Data excerpts:
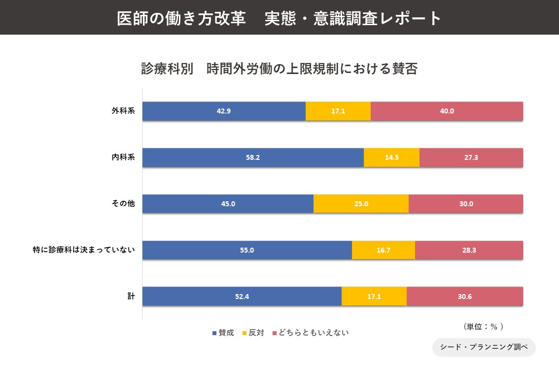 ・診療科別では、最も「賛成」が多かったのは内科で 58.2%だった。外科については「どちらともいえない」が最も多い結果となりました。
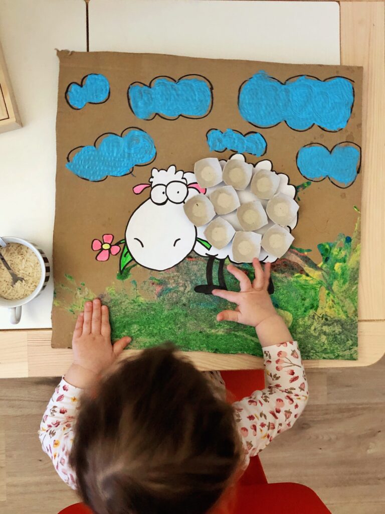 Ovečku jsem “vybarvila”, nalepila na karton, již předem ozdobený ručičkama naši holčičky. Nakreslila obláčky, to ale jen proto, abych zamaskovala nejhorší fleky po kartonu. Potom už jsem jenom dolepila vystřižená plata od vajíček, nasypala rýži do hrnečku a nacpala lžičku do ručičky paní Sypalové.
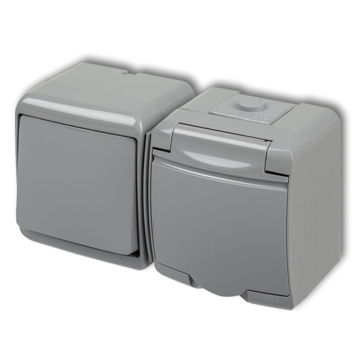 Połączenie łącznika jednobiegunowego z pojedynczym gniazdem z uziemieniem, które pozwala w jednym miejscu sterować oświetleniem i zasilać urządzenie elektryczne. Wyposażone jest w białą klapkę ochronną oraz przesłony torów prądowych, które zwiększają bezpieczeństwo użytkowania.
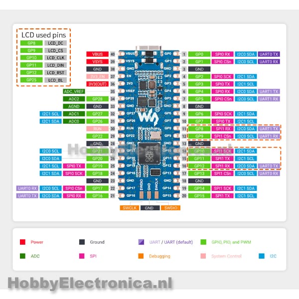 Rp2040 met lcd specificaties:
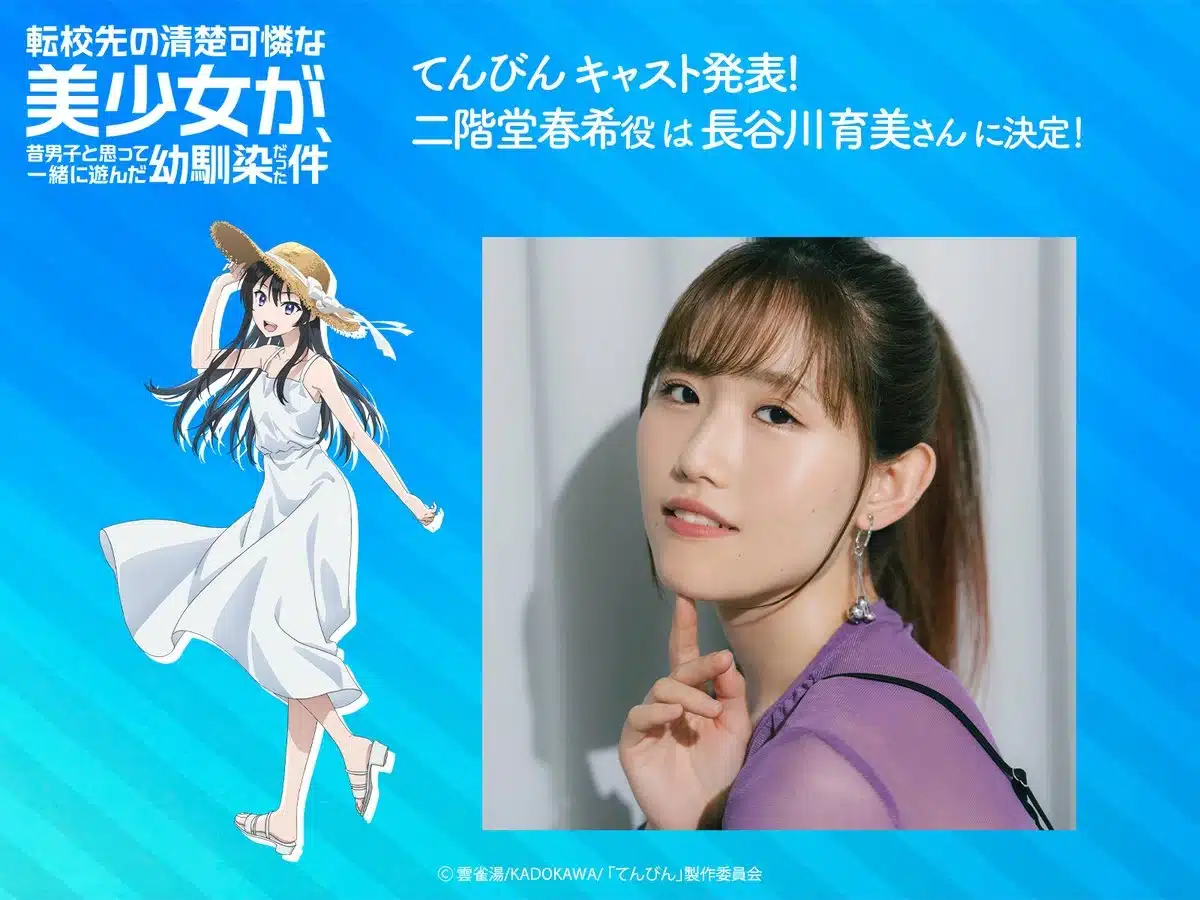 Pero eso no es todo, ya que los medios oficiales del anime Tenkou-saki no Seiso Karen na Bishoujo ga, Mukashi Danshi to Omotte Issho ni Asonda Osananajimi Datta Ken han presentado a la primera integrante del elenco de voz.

Task details
Without the pictures, copy out each entry exactly as it stands.

Result for this task
 ・診療科別では、最も「賛成」が多かったのは内科で 58.2%だった。外科については「どちらともいえない」が最も多い結果となりました。
 Ovečku jsem “vybarvila”, nalepila na karton, již předem ozdobený ručičkama naši holčičky. Nakreslila obláčky, to ale jen proto, abych zamaskovala nejhorší fleky po kartonu. Potom už jsem jenom dolepila vystřižená plata od vajíček, nasypala rýži do hrnečku a nacpala lžičku do ručičky paní Sypalové.
 Połączenie łącznika jednobiegunowego z pojedynczym gniazdem z uziemieniem, które pozwala w jednym miejscu sterować oświetleniem i zasilać urządzenie elektryczne. Wyposażone jest w białą klapkę ochronną oraz przesłony torów prądowych, które zwiększają bezpieczeństwo użytkowania.
 Rp2040 met lcd specificaties:
 Pero eso no es todo, ya que los medios oficiales del anime Tenkou-saki no Seiso Karen na Bishoujo ga, Mukashi Danshi to Omotte Issho ni Asonda Osananajimi Datta Ken han presentado a la primera integrante del elenco de voz.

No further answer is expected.